We keep a lot of data on our Kafka cluster for analytics and seeing such errors worried us a lot. After quite some debugging, we realised that systemd configuration is the cause.

Systemd wasn’t letting Kafka shutdown safely

We manage Kafka on our brokers using systemd service. During the shutdown phase of the restart, systemd was not letting Kafka to complete the shutdown but was forcibly terminating Kafka.

We realised this because we knew from our previous experience that Kafka logs Shutdown completed message as it finishes the shutdown routine.

Turns out, systemd has a 90sec timeout default for letting the processes to stop. If the processes don’t stop by then, it forcibly terminates them with a SIGKILL.

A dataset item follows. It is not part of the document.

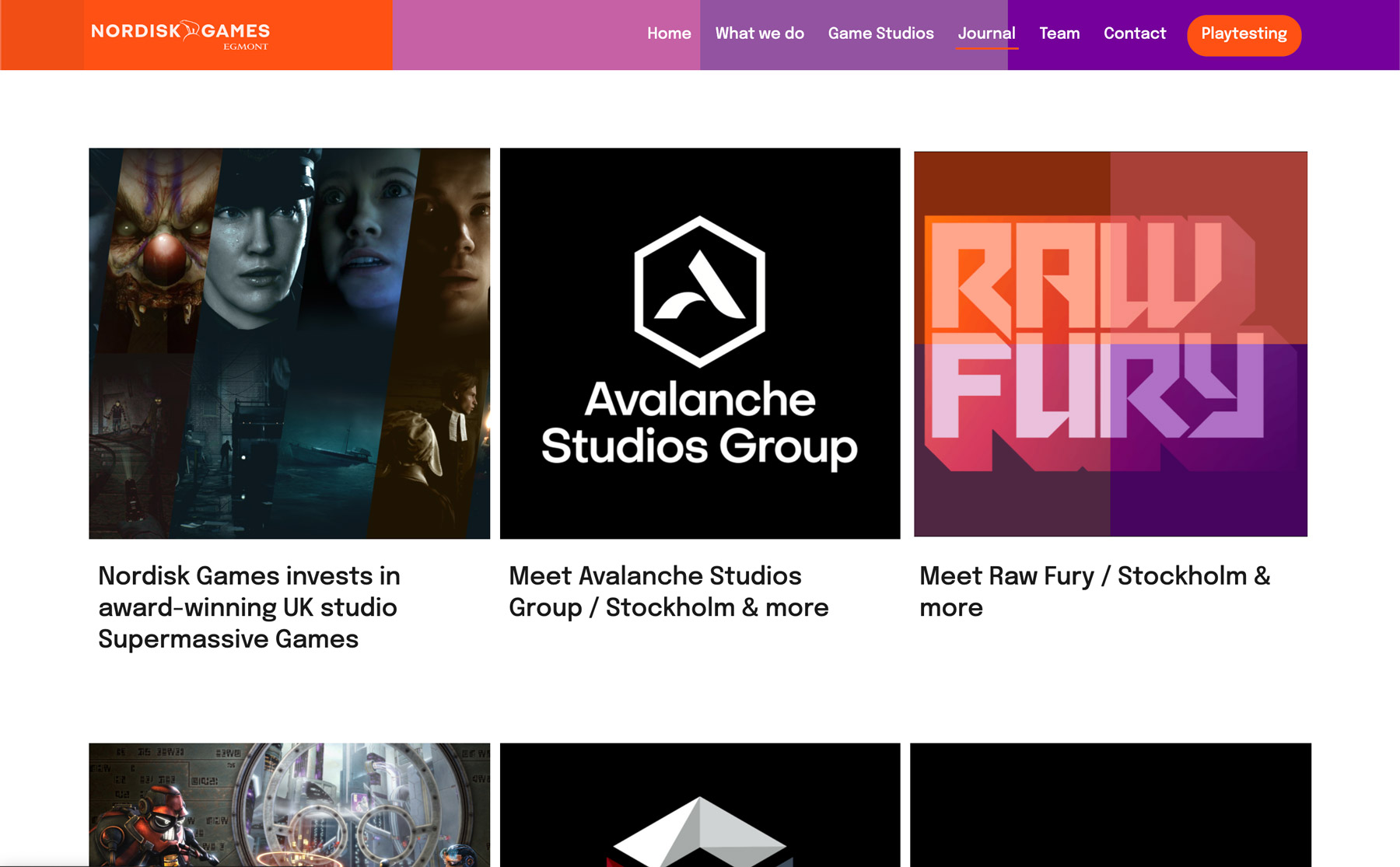 In order to reach more awareness on the market, they came to us with a wish for a new visual identity and a new website. They wanted a digital experience, showcasing the many different games and universes represented by the game studios.

We increased TimeoutStopSec to 600 seconds in kafka.service file:

...

[Service]
Type=simple
PIDFile=/var/run/kafka.pid
User=experteer
Group=experteer
TimeoutStopSec=600
...

and reloaded systemd to see new the changes with systemctl daemon-reload.

From now, stopping Kafka server takes about 6 minutes and rejoining the cluster after restart takes less than a minute. Also, no more corrupted index warnings!

Summary

As the number of messages and topics grow in a Kafka cluster, it takes longer for Kafka server to shutdown safely. Systemd or other alternatives that are used to manage Kafka server on the brokers need to the server process enough time to shutdown safely. We had 150 topics at the time of this post with about 2TB of data and it takes about 6 minutes for Kafka to shutdown safely.